Report: Arizona places more foster kids with relatives

A new report says more Arizona children in foster care are being placed with families rather than in group homes or institutions. (@amyhillbrand/Twenty20)
Mark Richardson, Public News Service (AZ)

PHOENIX, Ariz. – A new report shows in the past decade, Arizona and other states have placed more foster children needing homes with relatives or to their families.

The Annie E. Casey Foundation research says between 2007 and 2017, Arizona child-welfare officials assigned fewer foster children to group homes and institutions. Beth Rosenberg, director of child welfare and juvenile justice with the Children’s Action Alliance, says her group is happy to see better numbers, but notes there is room for improvement.

“Arizona does a very good job of placing children with kinship families,” says Rosenberg. “However, the vast majority of those kinship placements are not licensed as foster parents, and they don’t get the financial and programmatic support that they might need.”

The report found in Arizona, 45% of foster kids were placed in kinship homes in 2017, compared to 34% ten years earlier. Over the same period, the number of kids placed in non-relative homes decreased by seven percentage points.

Overall, Arizona improved its placement of children with either relatives or non-relatives by three percentage points, compared to the national average of five percentage points.

Rosenberg says the state needs to improve both the numbers of teens and children of color who are placed with relatives or in other family settings.

“The African-American population in Arizona is about 5% and the number of African-American children in foster care is about 15%,” says Rosenberg. “Yet 22% of the African-American children in care are in group homes.”

Rob Geen, director of policy and advocacy reform with the Annie E. Casey Foundation, says placing a foster child with relatives can make a major difference in their life.

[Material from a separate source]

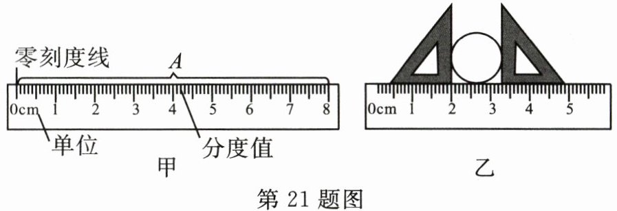 21. 学习了“长度测量”后,小科准备借助刻度尺和三角板测量一枚纽扣的直径。请回答下列问题。

“No matter what that home environment was like, it is traumatic for a child to be removed from the home,” says Geen. “When they’re placed with someone who already knows the child – who knows their likes, their dislikes, knows about their family background – that is less traumatic.”

Geen says studies show when children are placed with relatives, they’re more likely to finish school, attain employment, less likely to become early parents and, overall, are much more likely to succeed in life.